What you are asked to do — Start to finish, print the data below exactly, without the images.

Data shown —
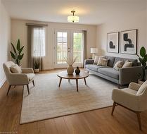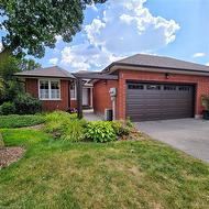 Savannah Oaks end-unit bungalow offering 1,372 sq. ft. of bright, open-concept living in a quiet, highly sought-after community. This beautifully maintained Intego model features newer hardwood flooring in the living and dining areas, and a spacious kitchen with large windows overlooking the lush front gardens. The living room provides a garden door walk-out to a private back deck and patio, complemented by a charming front courtyard—ideal for outdoor relaxation or entertaining. This 2 bedroom, 3 bathroom home includes a partially finished basement with a rec room, games room, den/office, workshop, and ample storage space, plus convenient access to the double car garage. Located close to parks, scenic trails, shopping, and amenities. Images are for reference purposes only. Photos are virtually staged.
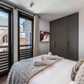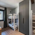 Inside, the apartment exudes modern elegance with its carefully curated design and premium materials like wood and stone. The ground floor features an open-plan kitchen, a welcoming living room with a dining area, and a cozy lounge that opens onto the terrace. A double bedroom with an en suite bathroom and a laundry room add to the convenience. On the lower level, you’ll find a luxurious master bedroom with an en suite bathroom, a twin bedroom, a separate shower room, and a charming children’s bedroom with bunk beds that sleep four. Every detail has been thoughtfully designed to provide maximum comfort for families and groups.
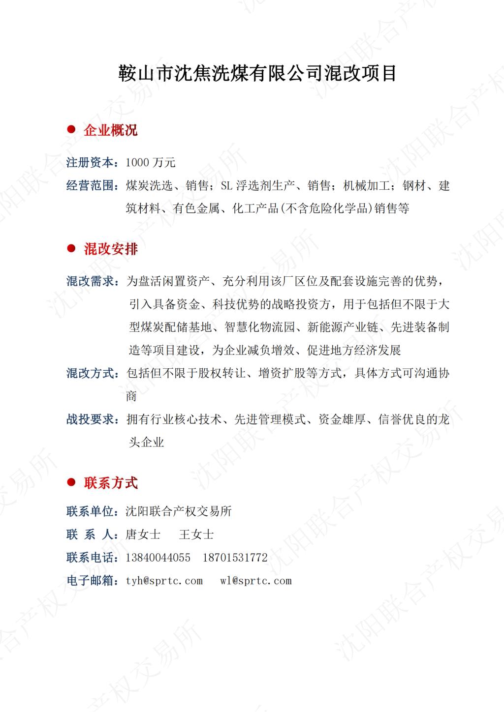 002.鞍山市沈焦洗煤有限公司混改項(xiàng)目

Answer section —
 Savannah Oaks end-unit bungalow offering 1,372 sq. ft. of bright, open-concept living in a quiet, highly sought-after community. This beautifully maintained Intego model features newer hardwood flooring in the living and dining areas, and a spacious kitchen with large windows overlooking the lush front gardens. The living room provides a garden door walk-out to a private back deck and patio, complemented by a charming front courtyard—ideal for outdoor relaxation or entertaining. This 2 bedroom, 3 bathroom home includes a partially finished basement with a rec room, games room, den/office, workshop, and ample storage space, plus convenient access to the double car garage. Located close to parks, scenic trails, shopping, and amenities. Images are for reference purposes only. Photos are virtually staged.
 Inside, the apartment exudes modern elegance with its carefully curated design and premium materials like wood and stone. The ground floor features an open-plan kitchen, a welcoming living room with a dining area, and a cozy lounge that opens onto the terrace. A double bedroom with an en suite bathroom and a laundry room add to the convenience. On the lower level, you’ll find a luxurious master bedroom with an en suite bathroom, a twin bedroom, a separate shower room, and a charming children’s bedroom with bunk beds that sleep four. Every detail has been thoughtfully designed to provide maximum comfort for families and groups.
 002.鞍山市沈焦洗煤有限公司混改項(xiàng)目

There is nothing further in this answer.